Рудольф Ахундович – слушатель благодарный, цокал языком, щипал щетку усов с проседью, закатывал глаза, восклицал и стонал, сопереживая лукавому рассказчику щедро и неуемно. Эмоциональные соболезнования подкрепились материальными: на столике, мелко дрожавшем от перестука колес, появились палка салями, балык и свежие помидоры. Попутчикам было предложено разделить позднюю трапезу.
Затем улеглись спать. Когда залезли под одеяла и купе озарил мертвенный рентгеновский свет ночных ламп, в дверь постучали.
– На выход, – властно потребовала проводница, и Ракитин вспомнил о своих обязательствах. Со вздохом встал.
– Зачэм звать тебе? – сквозь сон спросил Рудольф Ахундович. – Што за врэдный жэнщин, не понять совсэм! У нас не так – мужчин уважать, берэчь…
– Все нормально, – буркнул Александр, одеваясь.

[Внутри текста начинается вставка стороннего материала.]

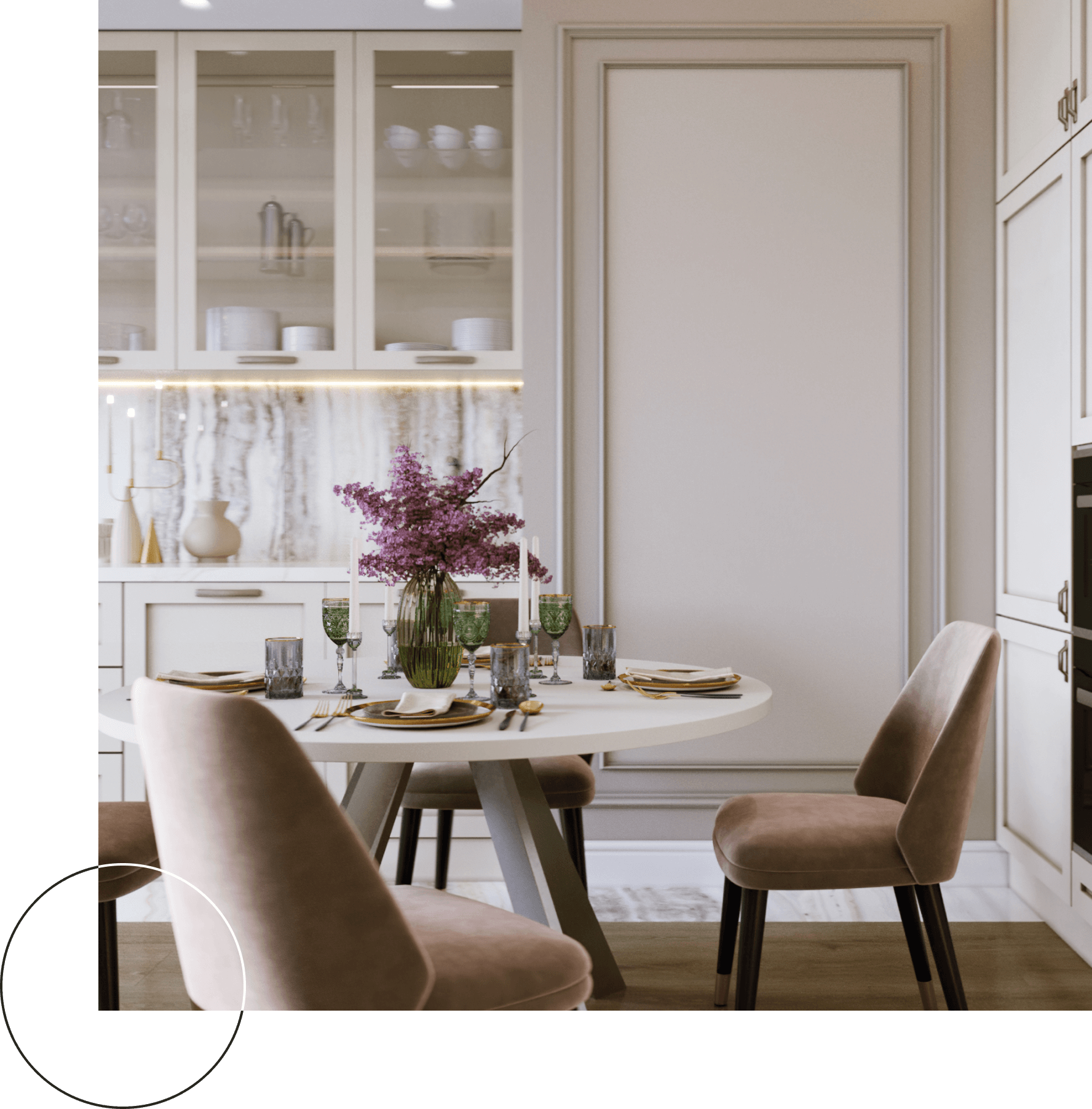 Латунные детали и глянцевые поверхности стола и кухонного гарнитура служат великолепным дополнением к стилю. Они придают интерьеру блеск и утонченность, создают эффектную игру света и отражений.

– Ты лежи, – подал голос Градов, слезая с верхней полки. – Мне все равно не спится. Чего там надо?..
– Два сортира и коридор, – виновато молвил Александр.

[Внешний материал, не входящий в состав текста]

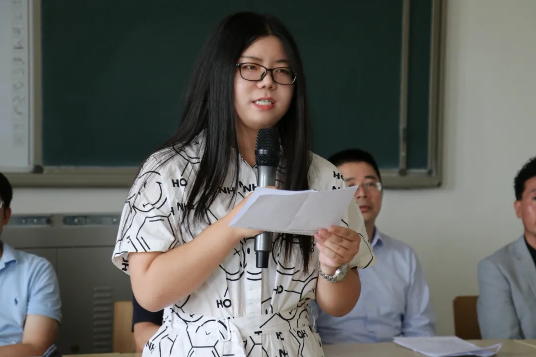 最后,新生代表崔秀玲发言,她表示,在中国共产党成立100周年之际,要胸怀上青天揽月的抱负,续写我院研究生教育的卓越篇章,为祖国的繁荣发展做出自己应有的贡献。

…Его заполонило резкое, как оскомина, впечатление, будто происходящее ныне уже случалось с ним.
Подобное ощущение связано у людей либо с тщетным воспоминанием забытого сна, либо с ушедшей в небытие реальностью, оставившей в сознании свою полустертую тень, либо со смутной догадкой об иной жизни, задавленно таящейся в глубине памятью себя прошлого. Последнее могло относиться к нему вполне закономерно, и участливое разъясненьице ученых психологов на тот счет, что, мол, встречаются еще псевдореминисценции, тут было бы навряд ли приемлемо.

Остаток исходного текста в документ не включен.